ML inference on Graviton CPUs with Open Neural Network Exchange(ONNX)

Introduction

ONNX is an open-source machine learning framework that provides interoperability between different frameworks. ONNX Runtime is the runtime engine used for model inference and training with ONNX . This document covers how to use ONNX based machine learning inference on Graviton CPUs, what runtime configurations are important and how to run benchmarking scripts. The document also covers instructions for source builds to enable experimenting with downstream features.

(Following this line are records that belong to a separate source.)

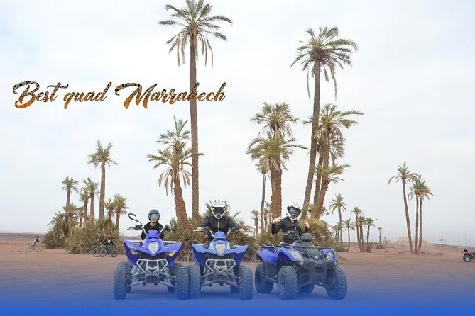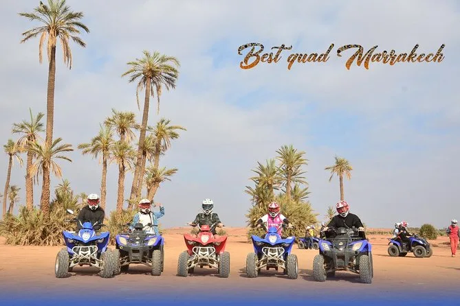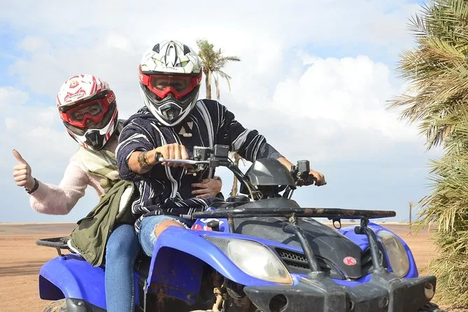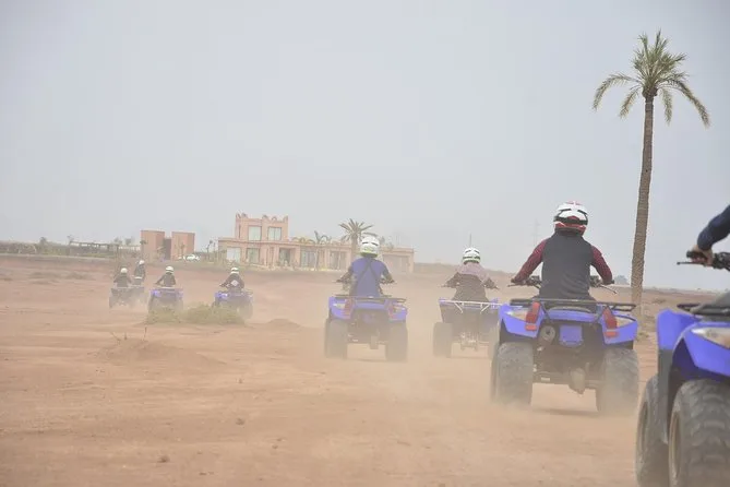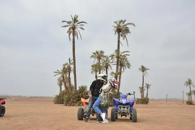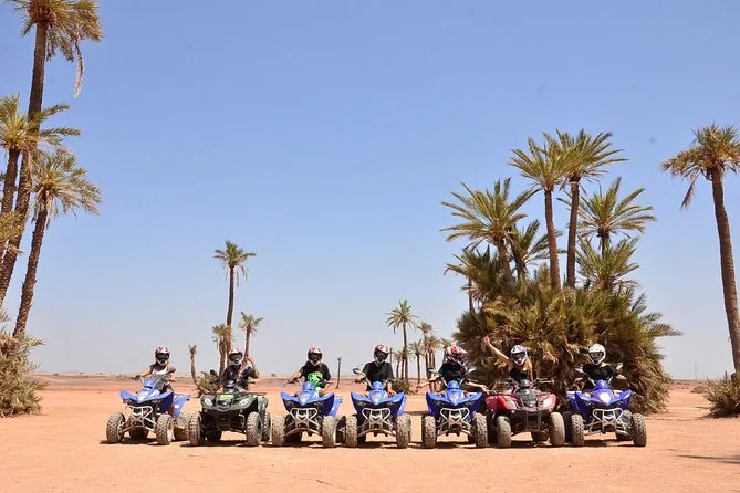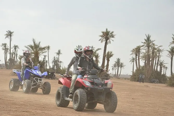 Your day includes hotel pickup and drop-off in Marrakech, guidance from a local driver throughout your adventure, an afternoon tea break served in a traditional bivouac among the palms, plus both quad biking and camel rides before heading back into town together.
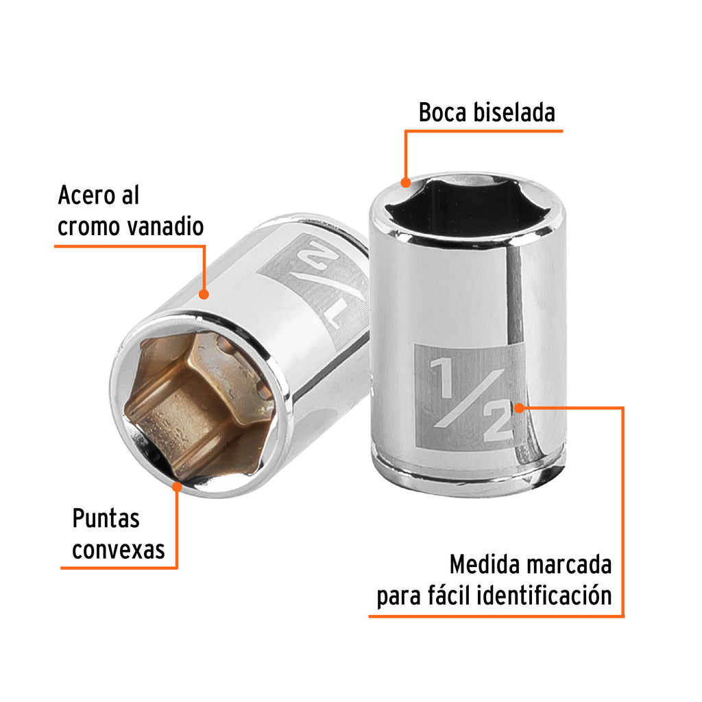 Fabricado en acero al cromo vanadio con acabado pulido espejo resistente a la oxidación y de fácil limpiezaSistema de sujeción Truper-Drive con puntas convexas que aseguran y aumentan el torque sin dañar tuercas ni cabezas...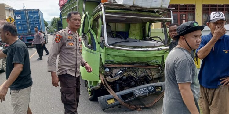 KILASBANGGAI.COM,NAMBO-Sebuah truk muatan mengalami kecelakaan dan menabrak mobil kontainer di Jalan Trans Sulawesi Desa Lontio Kecamatan Nambo, Banggai, Rabu (9/7/2025). Beruntung, tidak ada korban jiwa dalam insiden tersebut.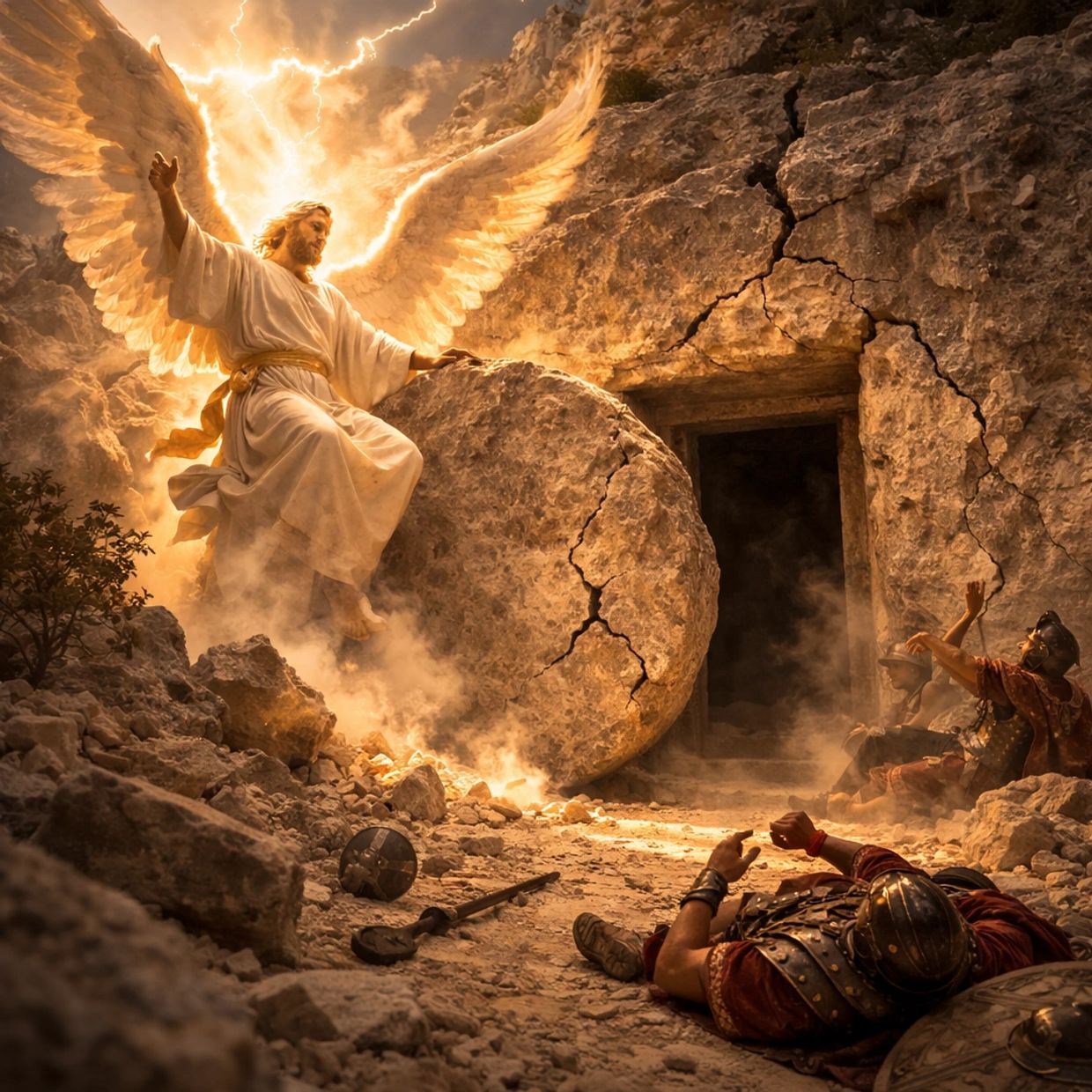Context: The resurrection was accompanied by a powerful earthquake as an angel descended from heaven to roll away the stone from Jesus’ tomb.

How to use ONNX on Graviton CPUs

Python wheels is the recommended option to use ONNX on Graviton, the default backend is optimized for Graviton CPU.

# Upgrade pip3 to the latest version
python3 -m pip install --upgrade pip

# Install ONNX and ONNX Runtime
python3 -m pip install onnx
python3 -m pip install onnxruntime

Prerequisites

It is highly recommended to use the AMIs based on Linux Kernel 5.10 and beyond for the best ONNX inference performance on Graviton3 instances. The following queries can be used to list down the AMIs with Kernel 5.10 and beyond.

# For Kernel 5.10 based AMIs list
aws ec2 describe-images --owners amazon --filters "Name=architecture,Values=arm64" "Name=name,Values=*kernel-5.10*" --query 'sort_by(Images, &CreationDate)[].Name'

# For Kernel 6.x based AMIs list
aws ec2 describe-images --owners amazon --filters "Name=architecture,Values=arm64" "Name=name,Values=*kernel-6.*" --query 'sort_by(Images, &CreationDate)[].Name'

Runtime configurations for optimal performance

Graviton3(E) (e.g. c7g/m7g/r7g, c7gn and Hpc7g instances) supports BFloat16 format and advanced Matrix Multiplication (MMLA) instructions for ML acceleration. Starting version v1.17.0, ONNX Runtime supports Bfloat16 accelerated SGEMM kernels and INT8 MMLA accelerated Quantized GEMM (QGEMM) kernels on Graviton3(E) CPU.

Note: The standard FP32 model inference can be accelerated with BFloat16 SGEMM kernels without model quantization.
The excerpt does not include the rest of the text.